APRA’s heat map exposes poorly performing super funds
Choosing a good super fund is one of those really important things in life that gets put on the backburner.
However, the good news is that one of our regulators – the Australian Prudential Regulation Authority (APRA) – has done the hard work so that you don’t have to.
That is where the good news stops because APRA identifies that 44% of choice funds are producing returns that are below benchmarks.
That means around $10 billion of Australians’ retirement savings are invested in dud superannuation products that are producing “significantly poor investment returns”.
The important thing to remember is that you definitely don’t want to be in one of these funds, which means you should take a much closer look at your fund and its long-term performance – particularly if it has names on it such as Colonial First State, OnePath, BT Funds Management and Equity Trustees.
What has become apparent from APRA’s excellent heat map research is that there are some keys to looking for a good fund that are fairly easy to follow and absolutely vital if you want to have a good retirement – which is much more likely if you have a fund that achieves or exceeds basic long-term benchmarks.
Focus on fees first
The first such key bit of information is the fees charged by the fund.

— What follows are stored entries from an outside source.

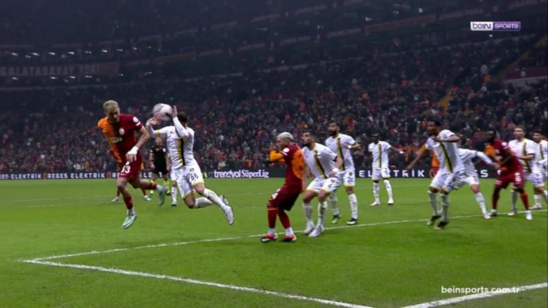 Galatasaray cephesi gol öncesi İstanbulspor ceza sahası içerisinde bir elle oynama itirazında bulundu ve VAR uyarısı geldi.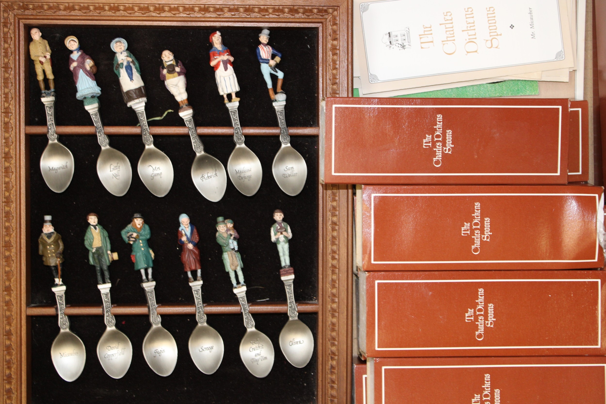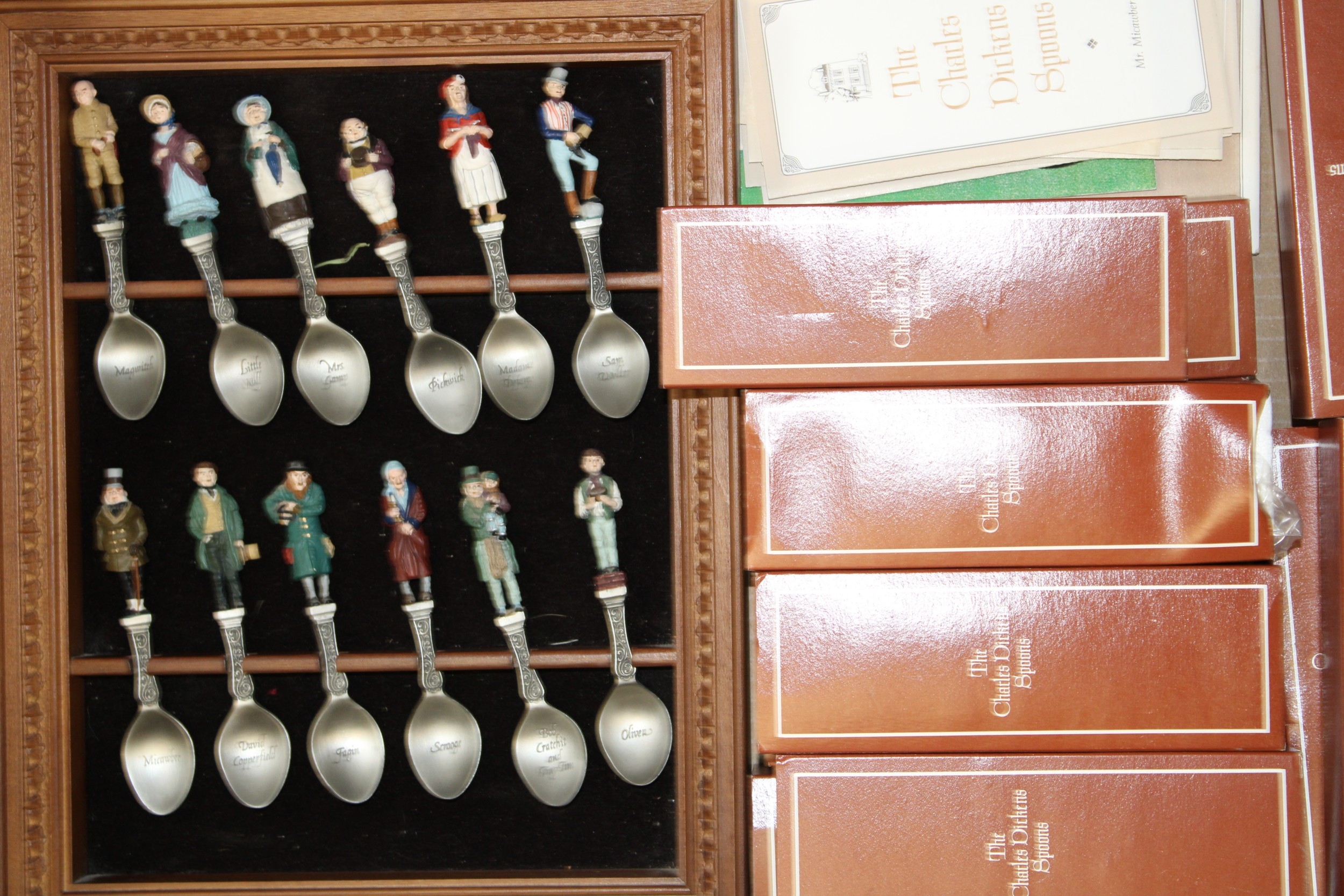 The Charles Dickens pewter spoons set by Franklin mint complete with display case.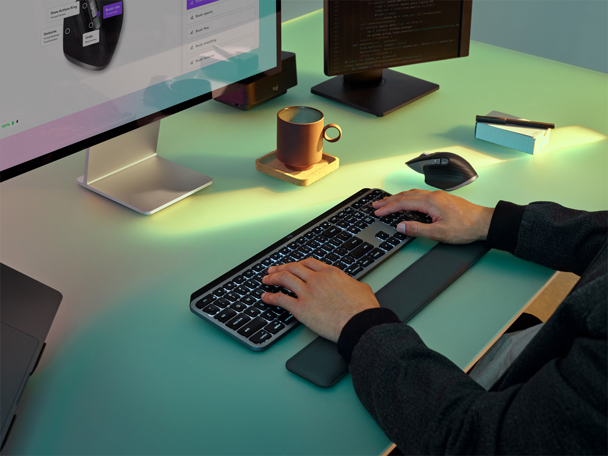 Die MX Keys S for Mac Tastatur ist ebenfalls mit intelligenter Beleuchtung ausgestattet. Sie schaltet sich ein, wenn sich Ihre Finger der Tastatur nähern. Darüber hinaus passt sie sich automatisch an die Tageszeit an, indem sie heller oder dunkler wird. Jetzt haben Sie mehr Kontrolle über die Helligkeit und die Dauer der Beleuchtung dank Logi Options+.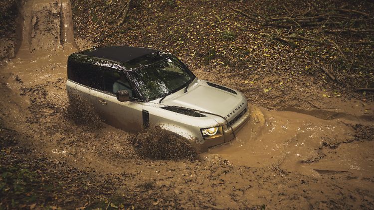 Tagelanger Herbstregen hat die hügeligen Waldwege in eine Matschwüste verwandelt. In einer Talsohle sammelt sich das Wasser zu einem finsteren Tümpel, der die nass-schwarzen Fahrspuren verschluckt. Eine unwirtliche Spielwiese, wie gemacht für einen der besten Geländewagen der Welt. Der Land Rover Defender 90 taucht mit dem Kühler in die gut 80 Zentimeter tiefe Brühe ein, ein Wasserschwall schwappt über die Motorhaube. Dann finden die vier Räder irgendwo im Untergrund ihren Tritt, wühlen sich durch das Hindernis und ziehen den 2,2-Tonner aus der nassen Falle, um ihn dann den nächsten Matschpfad steil bergauf krabbeln zu lassen.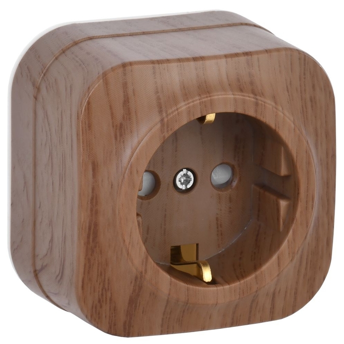 Розетка одноместная для открытой установки РСш20-3-ХД с заземлением и защитной шторкой 16А GLORY дуб IEK

High, uncompetitive fees are perhaps the greatest indicator that returns will be substandard, just because the very fact of the high fee detracts from returns.

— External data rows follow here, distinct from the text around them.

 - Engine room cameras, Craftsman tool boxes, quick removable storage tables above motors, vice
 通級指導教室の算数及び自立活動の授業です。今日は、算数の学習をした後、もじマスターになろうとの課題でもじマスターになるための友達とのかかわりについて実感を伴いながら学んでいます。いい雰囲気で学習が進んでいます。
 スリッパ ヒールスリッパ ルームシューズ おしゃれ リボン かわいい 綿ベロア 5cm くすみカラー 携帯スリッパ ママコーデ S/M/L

It is no good sticking with a high fee fund hoping its returns will suddenly spring back – depressingly, such funds have a habit of limping along for many years, dragging down the cumulative returns of their hopeful members along the journey.

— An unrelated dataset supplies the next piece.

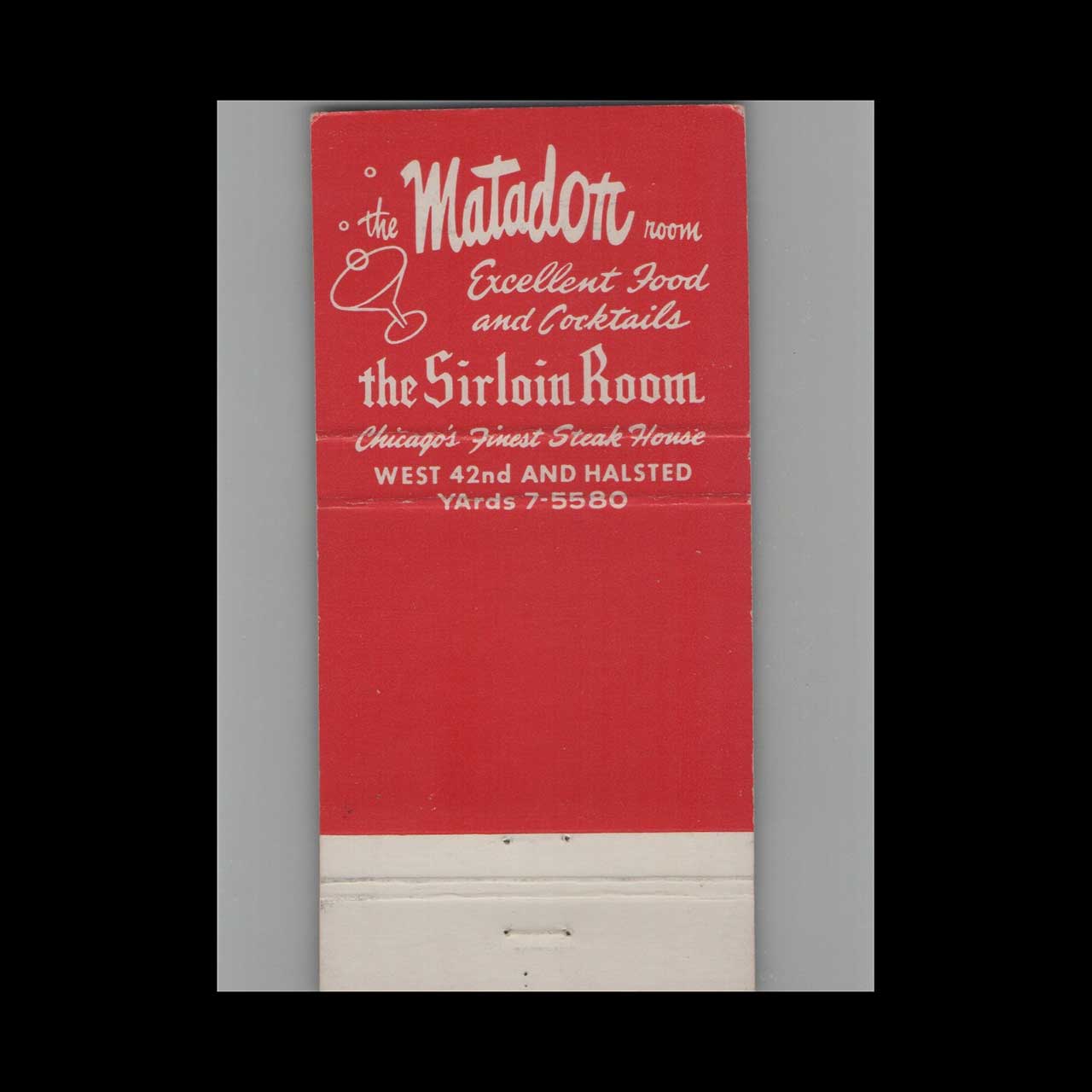 Vintage matchbook cover advertising The Matador Room Stock Yard Inn Chicago IL.
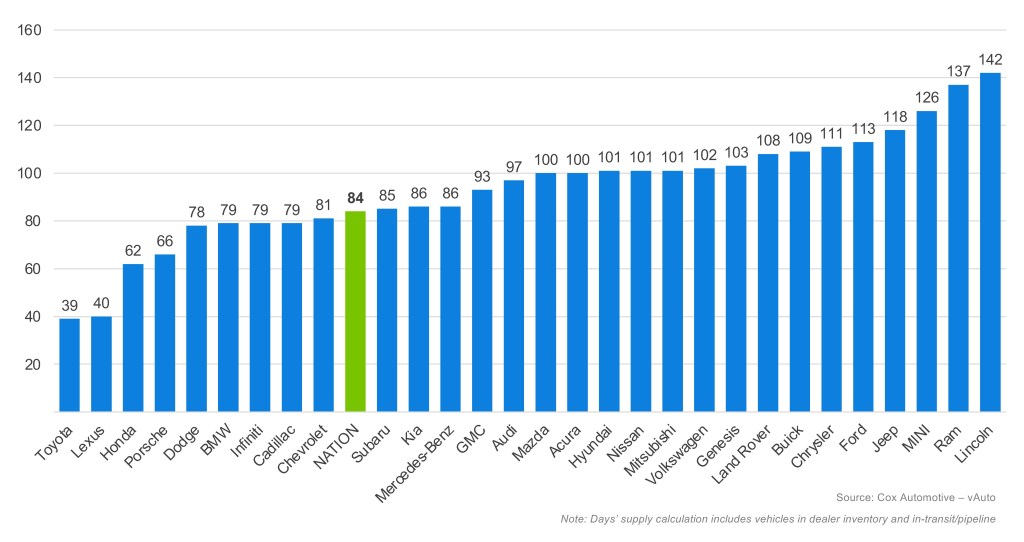 Due to a recent fire at an important supplier, inventory for key Ford and Lincoln products, including the best-selling Ford F-150 pickup and the profitable and popular Expedition and Lincoln Navigator full-size SUVs, could be under pressure in the coming months. At the start of October, Ford’s popular F-150 model had a days’ supply measure of 105, a typical level for a full-size pickup truck. Expedition days’ supply across the two models was close to 80 days, while Lincoln Navigator days’ supply was elevated at 113 across the two models. Ford brand’s days’ supply has been increasing in recent months. At the end of September, Ford’s days’ supply stood at 113, up 12% from the previous month. Lincoln days’ supply at the start of the month was 142, close to the highest level all year.

The best example of this is funds that have closed to new members which are much more likely to underperform and to charge high fees.
Many of these funds are closed to new members because of low demand or previous poor performance but they have an unhappy knack of continuing to milk their existing members for high fees.
Some have even suggested it is the business model of some funds.
Many of those members may only be hanging around because they are attached to the insurance cover in their fund or are just apathetic about their super but they pay a very high price for such apathy.
As well as suffering poor investment performance, the APRA analysis found average annual fees for account balances of $50,000 in closed choice products was $225, compared with $149 for open products.
It is worth remembering that MySuper default funds charge even lower fees, averaging $137 for a $50,000 account balance.
Compare long term net performance
The second most important way to choose a new super fund is to look for solid performance over the long term.
The combination of low fees and good performance tends to indicate a fund that has a sound investment system that is more likely to keep producing good results.
While we all know the old warning that past performance is not a reliable guide to future performance but that applies more to the short term, which is why looking at eight-year net investment performances like APRA does is such a powerful tool.
The latest heat map showed 20% of all the choice products that had eight-year histories were significantly underperforming the benchmarks set by the watchdog – with OnePath overseeing the most dud funds.
Other poorly performing funds included Colonial First State, the Energy Industries Superannuation Scheme, Equity Trustees and BT – all names that also appeared as “significantly poor” performers in the APRA review of default MySuper products last year.
APRA deputy chairwoman Margaret Cole said there were still “far too many products delivering substandard returns” to members and indicated that the regulator was going to get far more active with those managers who were perennial underperformers.
“APRA’s supervision of poorly performing choice products will intensify, and trustees can expect even greater scrutiny of their product offering,” she said.
“Trustees with products that are underperforming or have unjustifiably high fees – or both – will need to explain why they haven’t already moved their members to products with better performance and better fee structures.”
Get active and switch
The third key thing about choosing a super fund is to actually get active and engaged with your fund.
Among default MySuper funds there are some consequences for fund managers that consistently perform poorly – the main one being to close the fund to new members and to send information to members outlining their poor performance.
This doesn’t happen for choice funds for the very good reason that they have been “chosen” by the member – often many years previously and sometimes when working in a totally different job or industry.
If a fund you are in appears in the “dud” area of APRA’s heatmap analysis – which you can check here – it is up to you to exercise that choice by switching to a better fund as soon as you can.
Don’t wait for regulators to chide the fund managers or for some miraculous renaissance down the track – vote with your feet and get into a low fee, well performed fund with adequate insurance cover straight away.
It is not a difficult procedure once you have done the research and found a new fund that you are happy with.
The new fund should be able to handle the transfer – all you need to do is a little bit of homework, advise anybody contributing to your super of the new details and watch to make sure your new fund keeps appearing at benchmark or above in the future.